Pope Leo XIV canonized the Catholic Church’s first millennial saint over the weekend—a teen computer whiz who died of leukemia in 2006 at age 15 and who used technology to spread his faith, earning him the nickname “God’s influencer,” according to The Associated Press.
Some 80,000 worshippers filled St. Peter’s Square in Rome on Sunday to see the canonization of Carlo Acutis, including many millennials and young children with their parents, The Washington Post reported. Pope Leo also canonized Pier Giorgio Frassati, another young Italian who died at age 24 in 1925.

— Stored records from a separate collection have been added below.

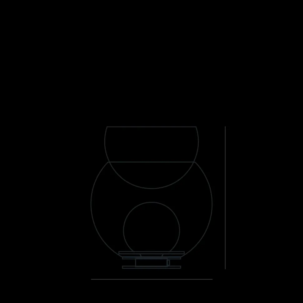 Ibrido tra un vaso e una lampada, Giova segna l’esordio di Gae Aulenti nel campo dell’illuminazione d’autore. Disponibile in due dimensioni, è una vera e propria scultura luminosa. Su una base in metallo è posizionato un globo trasparente che include la sfera interna, che alloggia la sorgente luminosa. Al di sopra, appoggiata, una coppa in vetro soffiato pelugoso (pieno di bolle d’aria irregolari) è a tutti gli effetti, un vaso portafiori.
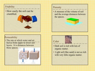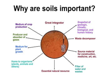 The document discusses the use and importance of soil as a natural resource, highlighting its various layers, properties, and roles in supporting life. It emphasizes the necessity of soil conservation practices due to problems like erosion, degradation, and contamination. Solutions for maintaining healthy soil include sustainable agricultural methods, tree planting, and managing livestock grazing.
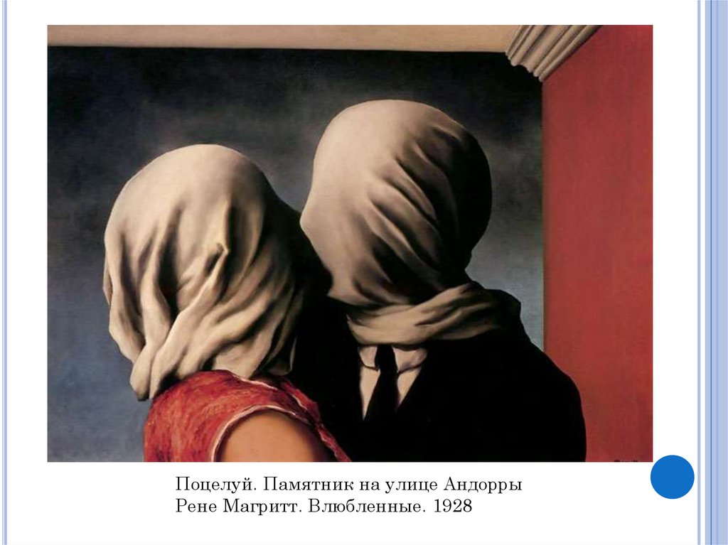 Поцелуй. Памятник на улице АндоррыРене Магритт. Влюбленные. 1928
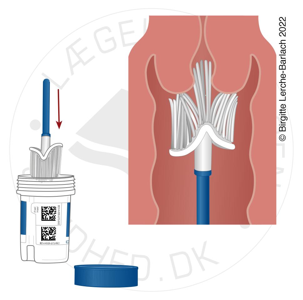 Når man skal undersøges, tager lægen en prøve fra livmoderhalsen med en lille børste
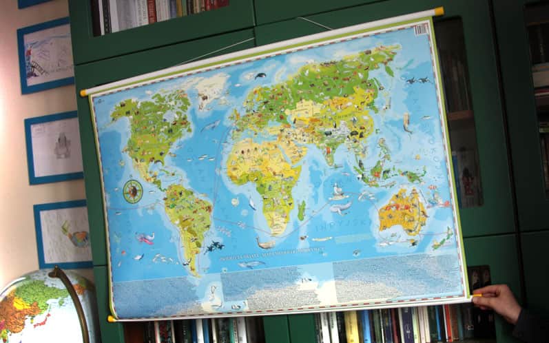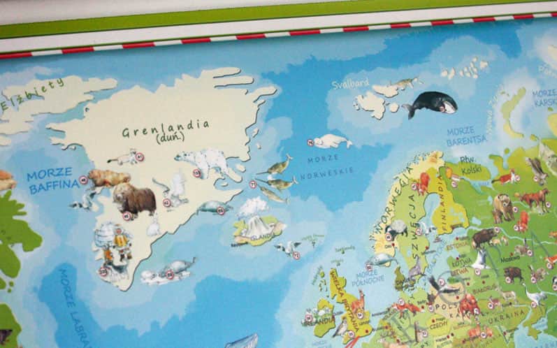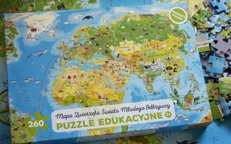 Przy układaniu puzzli na pewno przyda się Mapa Zwierzęta Świata Młodego Odkrywcy – oczywiście wg tego samego wzoru. Wydawca przygotował ją w różnych wersjach: laminowana lub nie, oprawiona lub nie – do wyboru do koloru! Nasza to wersja MIDI laminowana, oprawiona w rurki PCV w rozmiarze 100 x 70 cm.
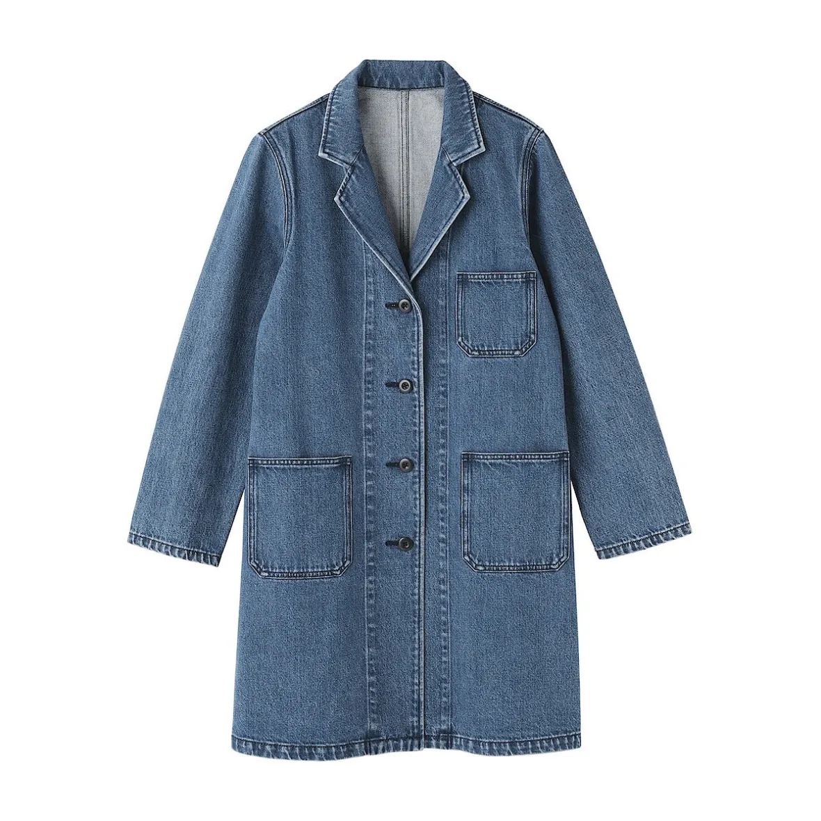 Fabriqué à partir d’un mélange durable de kapok et de coton, ce manteau en denim allie une sensation structurée et une grande fonctionnalité de tous les jours. Conçu pour être polyvalent, il constitue le choix idéal pour une couche supplémentaire au gré des saisons.

Acutis’s ascent to sainthood is being called one of the fastest in modern history, and comes at a time when many younger generations, from Gen Zers to millennials, struggle to connect with the church. For some, Acutis, who was tech-savvy and reportedly loved video games, may be seen as more relatable and a good role model for the next generation of Catholics.
The former pope, Francis, also championed Acutis. “Carlo was well aware that the whole apparatus of communications, advertising, and social networking can be used to lull us, to make us addicted to consumerism and buying the latest thing on the market, obsessed with our free time, caught up in negativity,” Francis said in 2019, as reported by The Post. “Yet he knew how to use the new communications technology to transmit the Gospel, to communicate values and beauty.”
The teen, who was born in London and raised in Milan by a well-known Italian Catholic family, designed a website documenting reported Eucharistic miracles around the world, which has become a teaching tool for parishes worldwide and is seen as a positive way to use technology in support of religion.